On va mettre à la disposition des agriculteurs un logiciel leur permettant d’évaluer leur engagement dans l’agroécologie. L’idée est d’aller à terme vers un système de certification et éviter que des groupes agroalimentaires utilisent le concept avec le risque de le dévoyer. Cela commence déjà, avec certaines grandes entreprises qui mettent en avant l’agroécologie dans leurs pubs.
Sur le terrain subsistent des incohérences. Pourquoi avoir facilité la création et l’extension des porcheries industrielles ?
Si on n’avait que des Amap
[associations pour le maintien d’une agriculture paysanne] pour nourrir tout le monde, on n’y arriverait pas. On a besoin d’une industrie. Au-delà de 400 porcs, en France, l’éleveur devait demander une autorisation à l’administration. Alors que la réglementation européenne exigeait seulement de le faire au-delà de 2 000 porcs. Nous nous sommes calés sur celle-ci. Cela permet de ne plus attendre trois ans pour valider un projet.
Un joli coup de pouce à l’agrobusiness ?
Non ! C’est donner aux agriculteurs la possibilité de se moderniser et d’assurer leur pérennité. Certains bâtiments d’élevage ne sont parfois pas aux normes de bien-être animal, ni économes en énergie, je suis sûr qu’à
Libé, vous êtes très sensibles à ça…
Admettez qu’il y a une contradiction entre le discours et la pratique…
L’agroécologie, ce serait des petits établissements avec des petits cochons qui se baladent dehors ? Il y a des contraintes économiques, tout le monde ne peut pas produire ou acheter du porc noir de Bigorre.

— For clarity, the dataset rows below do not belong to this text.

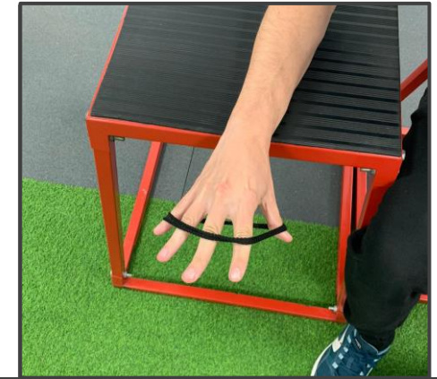
EXTENSIÓN DE DEDOS Abrir y cerrar los dedos 3 x 15
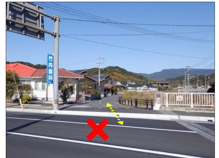
左写真の赤枠部は車両の出入りができなくなりましたので、郡山小学校側から出入りをお願いします。
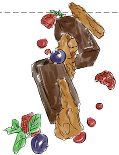
VEGAN CHOCOLATE CAKE ヴィーガン・チョコレートケーキ フランボワーズソース 800 [税込880]
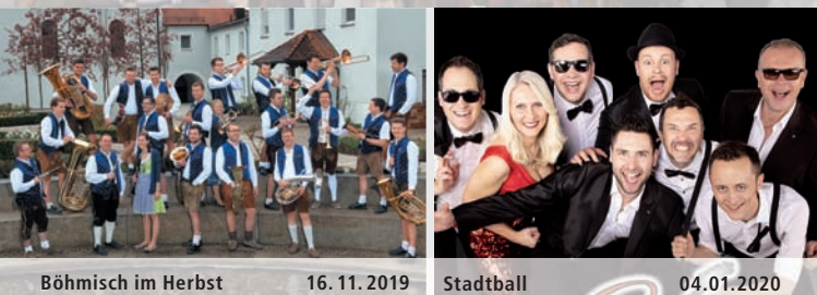
Böhmisch im Herbst 16.11.2019
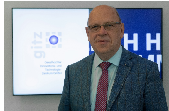
Der Autor

Sur un produit standard, on est en compétition avec d’autres. Pour que les porcs transforment au mieux leur alimentation en viande, les bâtiments et l’organisation de la production, c’est très important. On pourrait se dire : «pas de ça chez nous», et laisser se délocaliser les productions au Danemark ou en Allemagne.
L’affaire du barrage de Sivens alimente le débat sur les grands projets inutiles et sur l’irrigation…
Je suis favorable à une retenue plus petite. On a besoin d’irrigation. Surtout pour maintenir de l’élevage dans des zones où les sécheresses deviennent perturbantes avec le réchauffement climatique.
Vous avez défendu le verdissement de la Politique agricole commune (PAC). Mais on pourra mettre des pesticides sur les surfaces d’intérêt écologique. Ce n’est pas très vert tout ça…
Je suis d’accord. Mais c’est plus vert qu’avant. On progresse. Par rapport au débat sur les deux mondes qui s’opposent, on est en train d’ouvrir un espace nouveau, c’est ça qui me motive.
Chaque Etat européen peut désormais décider de cultiver ou non des OGM. Recul ou avancée ?
Les Verts et José Bové voulaient interdire les OGM à l’échelle européenne, tout court. Mais on n’a aucune majorité pour le faire. Jusqu’ici, on se contentait de moratoires qui pouvaient être cassés par le Conseil d’Etat. Désormais, les Etats auront le droit de refuser les OGM pour des questions liées à la dissémination dans l’environnement, la protection des productions de qualité, etc.
Y êtes-vous vraiment opposé ?
A ceux de première génération producteurs de pesticides ou résistants aux herbicides, oui. Aux Etats-Unis, ils ont tellement utilisé d’OGM résistants au Roundup que les mauvaises herbes y sont devenues résistantes. Mais je suis pour l’ouverture d’un débat sur les OGM permettant des réelles améliorations, comme le riz enrichi en vitamines ou les cultures résistantes au stress hydrique. Nous remettrons donc en place le haut conseil sur les biotechnologies.